🤖 AI Summary
This study investigates the fundamental differences in internal representation structures between diffusion language models and autoregressive language models, and their implications for inference efficiency. Through layer-wise and token-wise representation analysis, the authors find that the diffusion training objective induces greater hierarchical structure and redundancy in early-layer representations. Leveraging this insight, they propose a static, architecture-agnostic layer-skipping strategy at inference time that achieves substantial efficiency gains without relying on KV cache optimization.
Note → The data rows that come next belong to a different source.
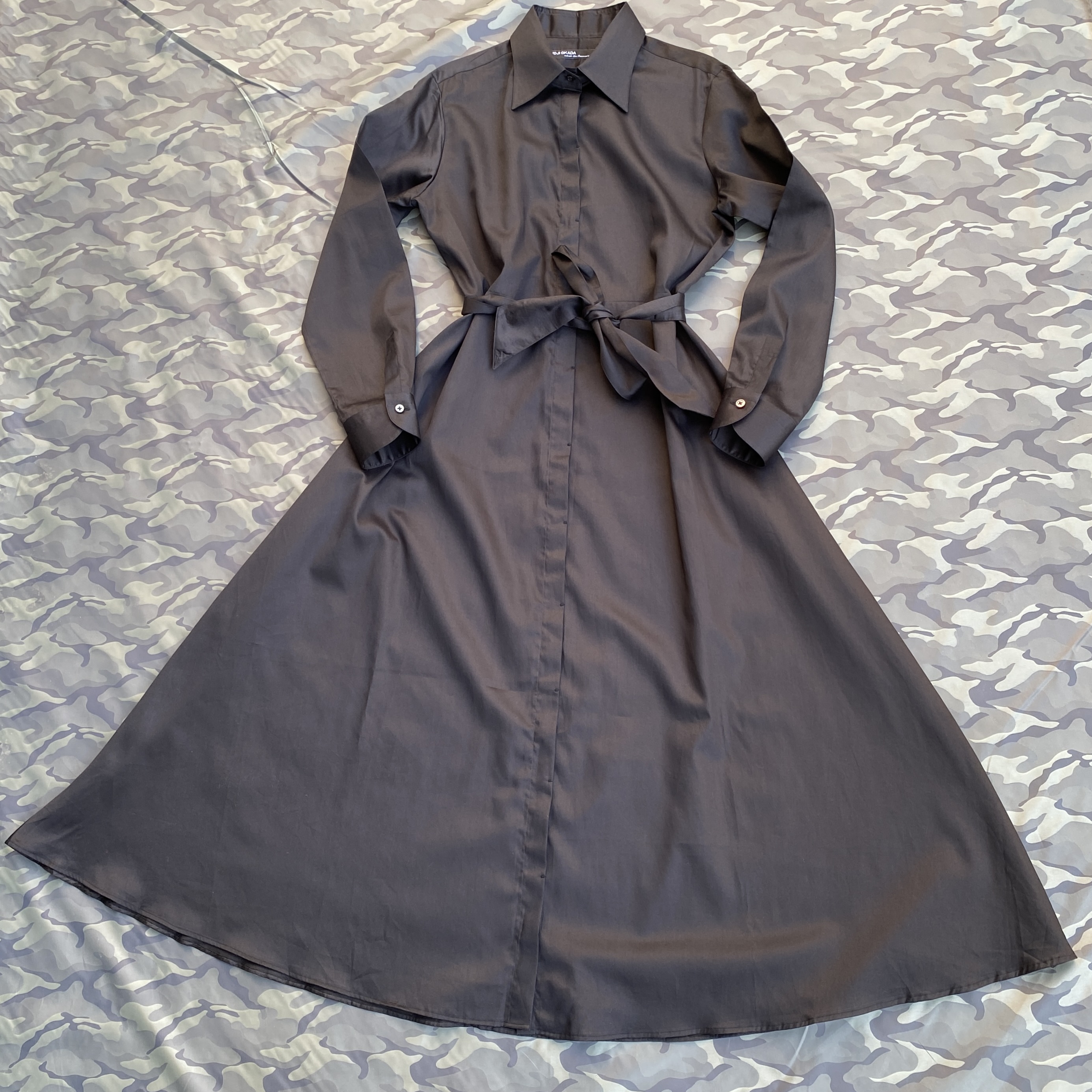 デザインは「ロングレギュラーカラー + 大丸シングルボタンカフス + フライフロント(比翼仕立)+ 胸ポケットレス仕様 + サッシュベルトつき」でお作りしました。
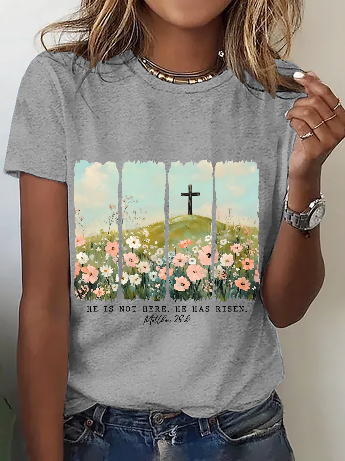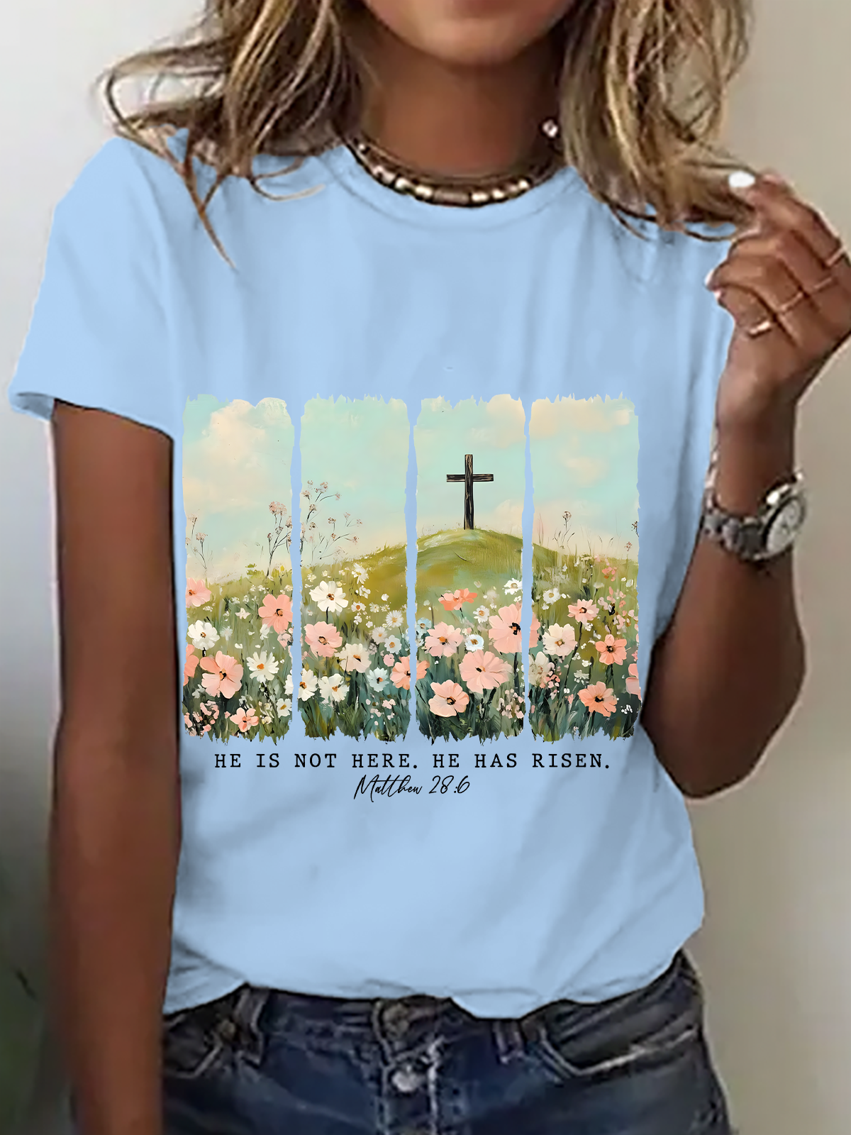 Women's Eatser Faith He Is Not Here He Has Risen Printed Top
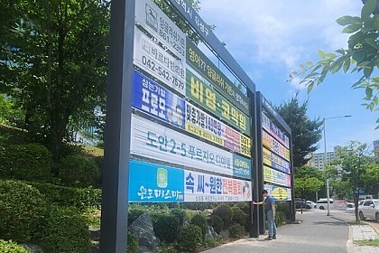 땡볕 가림막은 시중 제품과 달리 무늬와 문구가 제각각입니다.
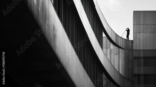 building, architecture, modern, cleaner, silhouette, window, facades, cleaning, men at work, city, urban, grey, monochrome, black, white, concrete, line, curve, structure, geometric, design, abstract, industrial, exterior, contrast, shadow, height, solitary, man, work, professional, elevated, perspective, composition, photo, image, art, visual, graphic, daylight
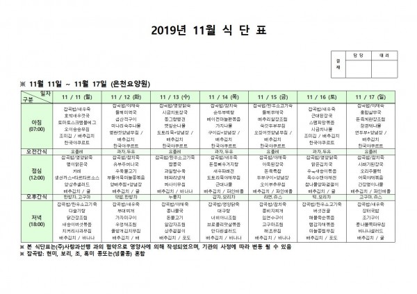 11월 둘째주 식단표 페이지 정보 작성자 은천노인복지회 작성일19-11-18 14:46 조회193,491회 댓글0건 관련링크 이전글 다음글 목록 답변 본문 11월 둘째주 식단표 이전글 다음글 목록 답변
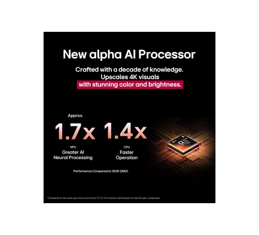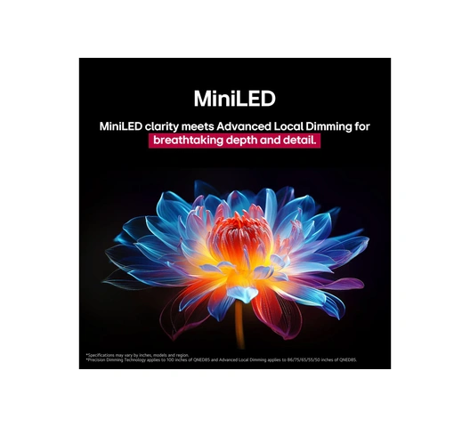 - MiniLED with Advanced Local Dimming & 100% Color Volume - MiniLED powered by New alpha AI Processor makes ultra-sharp contrast and lifelike detail on LG QNED evo.
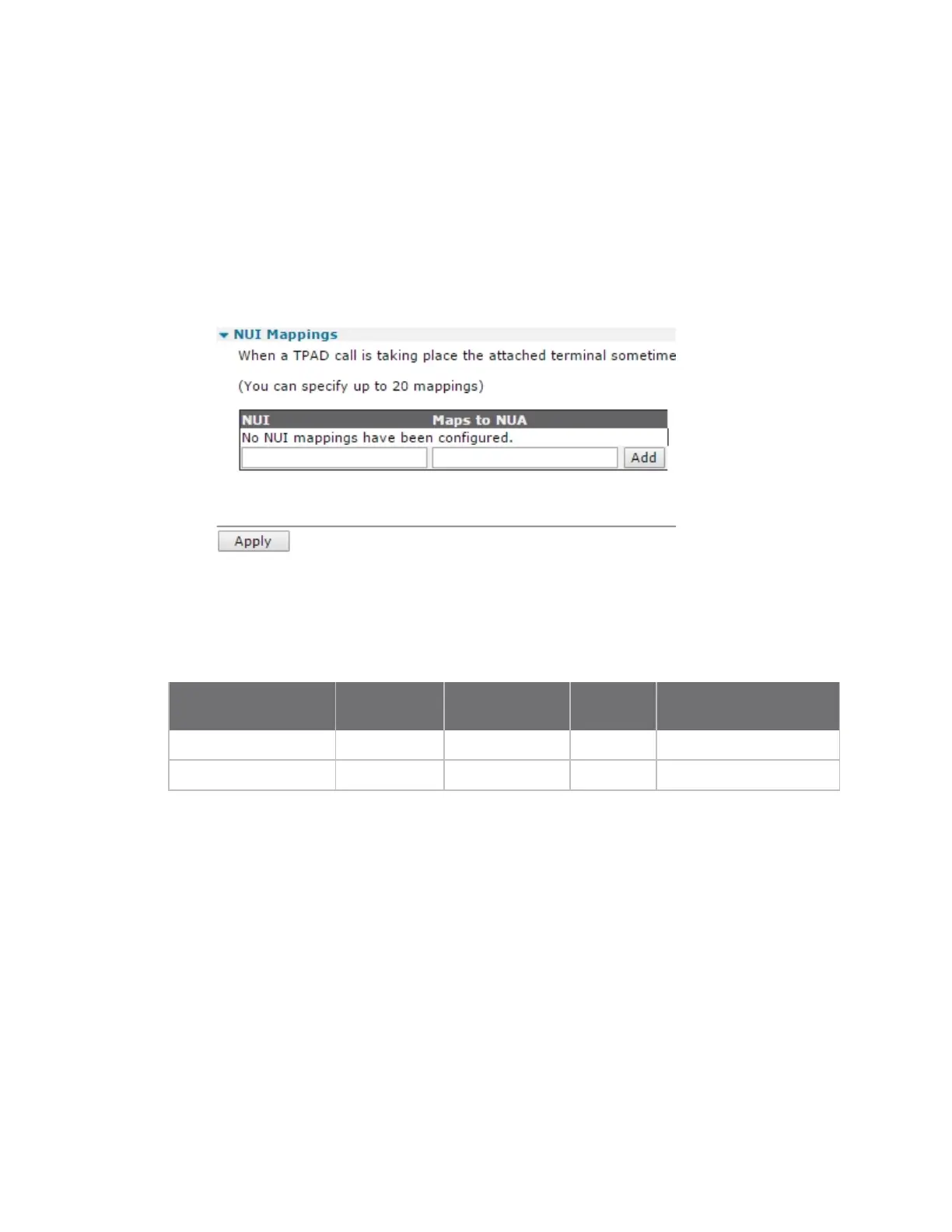 1. Go to Configuration > Network > Legacy Protocol > X.25 > NUI Mappings.
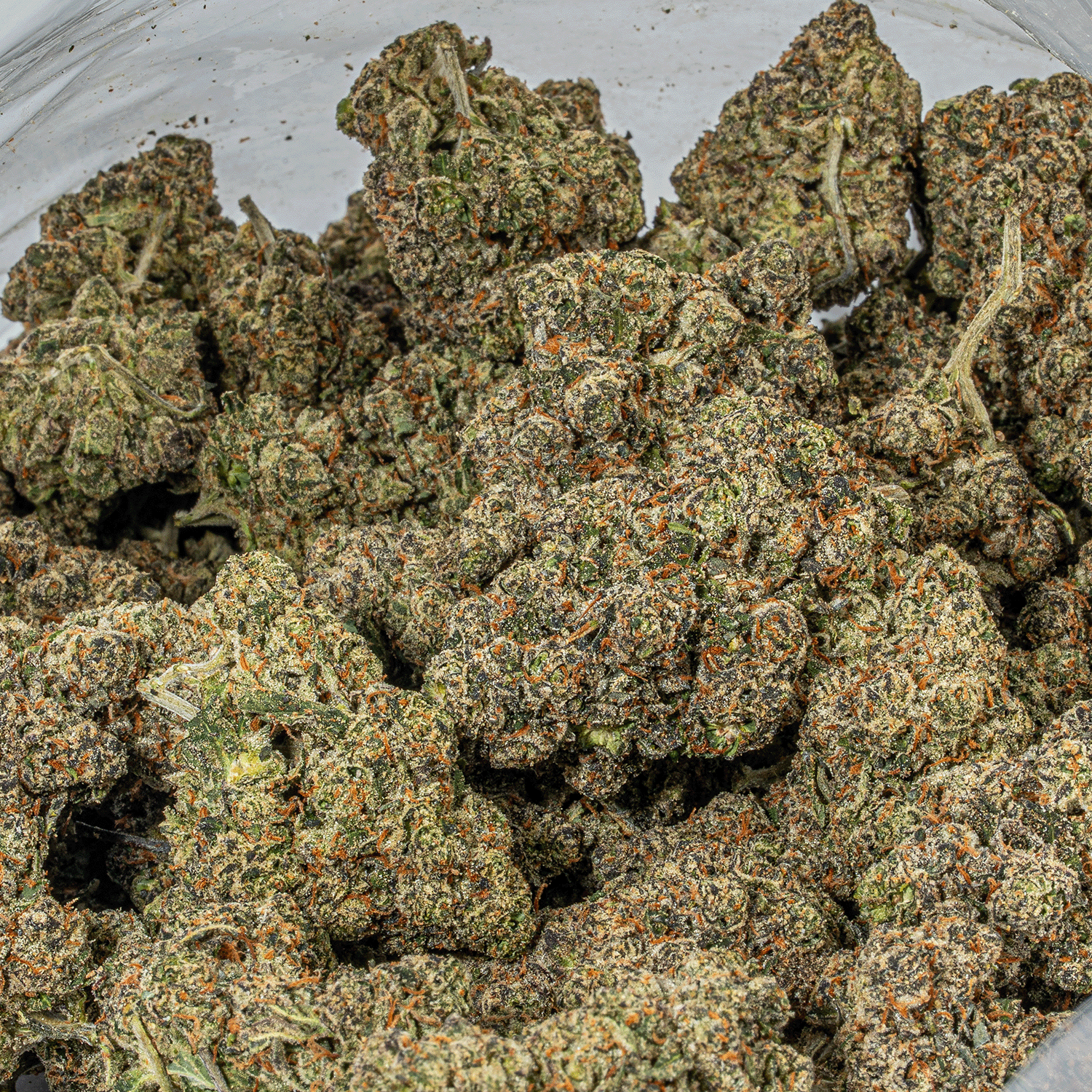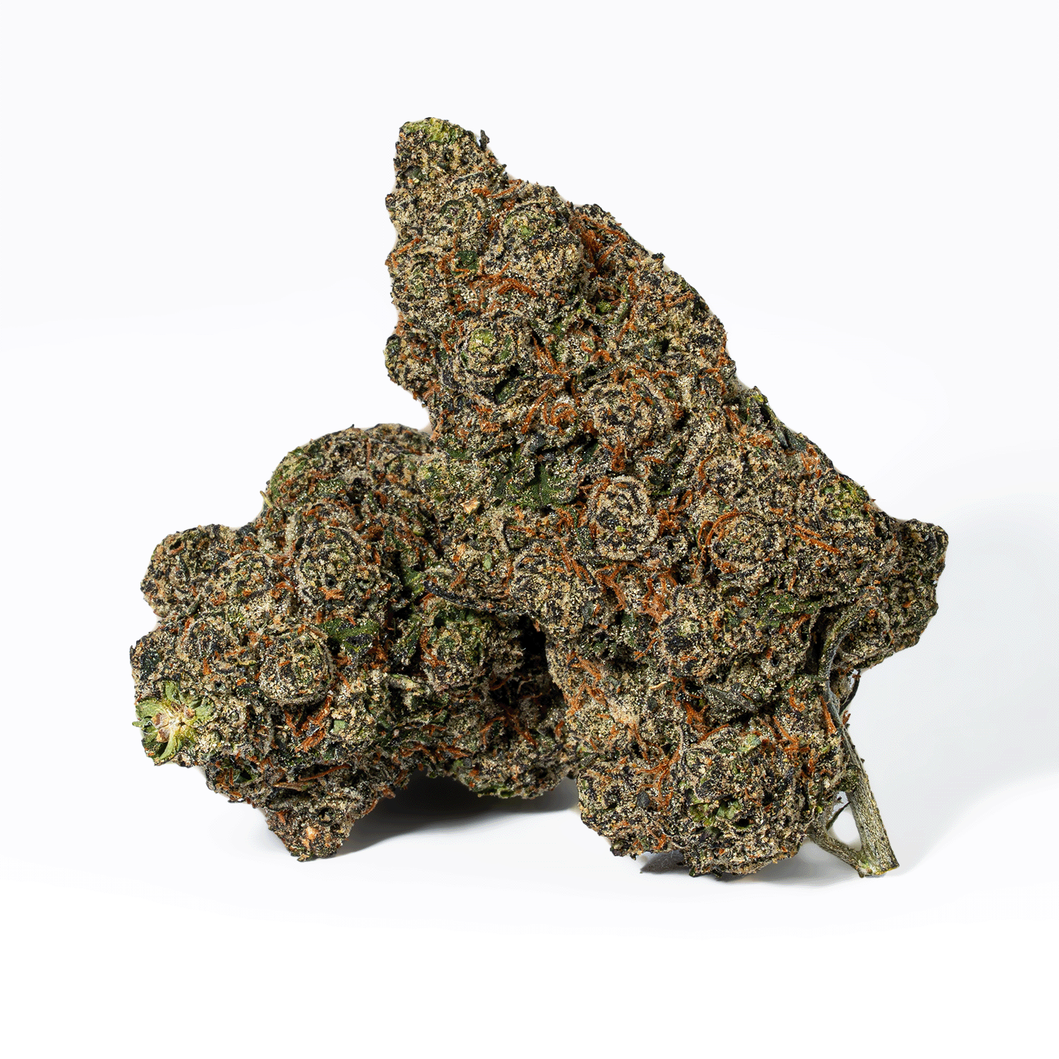 Named for its gorgeous appearance and tropical flavor, Sunset Runtz is the perfect bud for any indica lover who wants a great taste with their medicine. This bud has a sweet and sour tropical citrus flavor with hints of sharp lemon and spicy herbs to it, too. The aroma is very similar, with a spicy tropical citrus overtone accented by sour herbs and fresh earthiness. The Sunset Runtz high hits you almost as soon as you exhale, immediately launching the mind into a high-flying cerebral state of pure happiness and ease. You’ll feel creative and sociable in this state, easily carrying on conversations with those around you. At the same time, a soothing body high will wash over your physical form, leaving you feeling fully relaxed and at ease from head to toe, and slightly sedated at times. In combination with its high 28-29% average THC level and 0-1% CBD level, these effects give Sunset Runtz an edge in treating those suffering from conditions such as chronic pain, depression, nausea or appetite loss and chronic stress or anxiety. This bud has spade-shaped super dark olive green, almost black, nugs with dark purple undertones, orange hairs and a coating of frosty clear crystal trichomes.
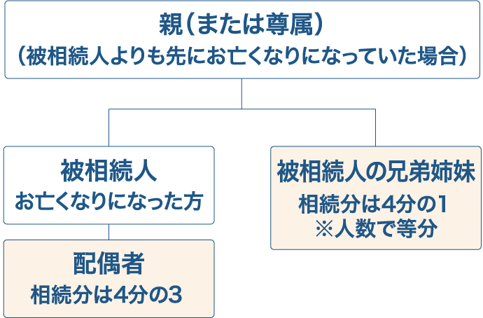 ③ お子さんがなく、非相続人のご両親(および尊属)もすでにお亡くなりの場合は、
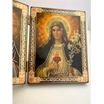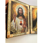 DW8-M Icon Diptych - Gold Foil - Sacred Hearts of Jesus and Mary - Cross on the Front & Back 5 1/4 inch tall
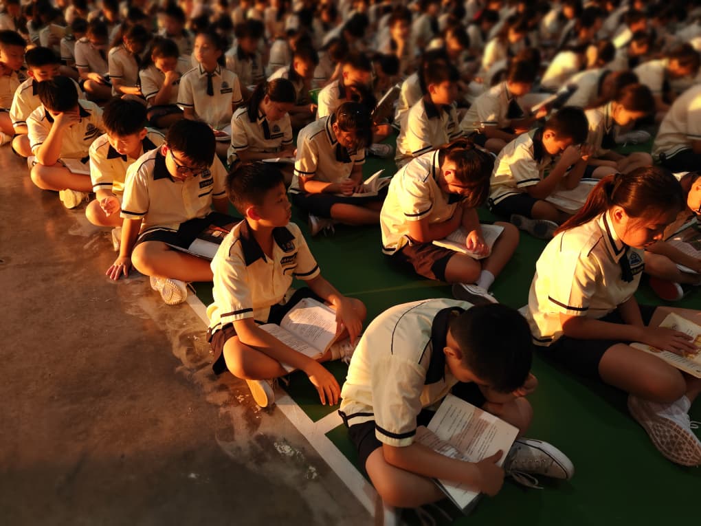 2026年7月9日(星期一),波德申中华中学全体师生齐聚学校大礼堂进行周会。在周会开始前,全校师生一同投入宁静阅读时光,礼堂内书香弥漫,师生沉浸在专注而安定的阅读氛围中,为新一周注入沉稳而积极的能量。
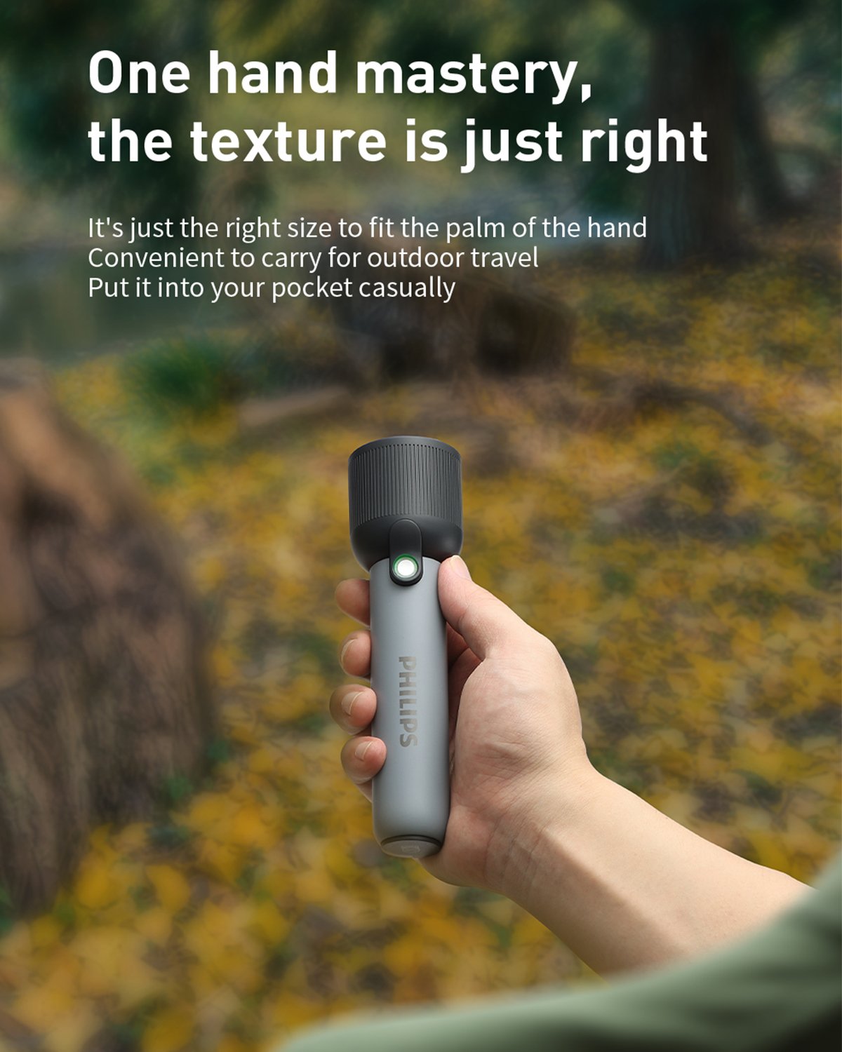 Built with a compact structure (47.2 × 30.8 × 170.8mm), this flashlight easily fits in your palm, pocket, backpack, or car compartment. Its lightweight and ergonomic body ensures a comfortable grip for extended use.

Experiments show that skipping redundant layers in native diffusion models reduces FLOPs by 18.75% while preserving over 90% of performance on reasoning and code generation tasks. In contrast, applying the same strategy to autoregressive models leads to significant performance degradation, confirming the unique suitability of the approach for diffusion-based architectures.
📝 Abstract
Autoregressive (AR) language models form representations incrementally through left-to-right prediction, whereas diffusion language models (dLLMs) are trained via full-sequence denoising. Although recent dLLMs match AR performance, it remains unclear whether diffusion objectives fundamentally reshape internal representations across depth. We perform the first layer- and token-wise representational analysis comparing native dLLMs (LLaDA), native AR models (Qwen2.5), and AR-initialized dLLMs (Dream-7B). We find that diffusion objectives result in different, more hierarchical abstractions with substantial early-layer redundancy and reduced recency bias, while AR objectives produce tightly coupled, depth-dependent representations. Critically, AR-initialized dLLMs retain AR-like representational dynamics despite diffusion training, revealing persistent initialization bias. Leveraging this observed representational redundancy, we introduce a static, task-agnostic inference-time layer-skipping method requiring no architectural changes or KV-cache sharing. Native dLLMs achieve up to 18.75% FLOPs reduction while preserving over 90% performance on reasoning and code generation benchmarks, whereas AR models degrade sharply under comparable skipping. These results link training objectives to representational structure and enable practical, cache-orthogonal efficiency gains.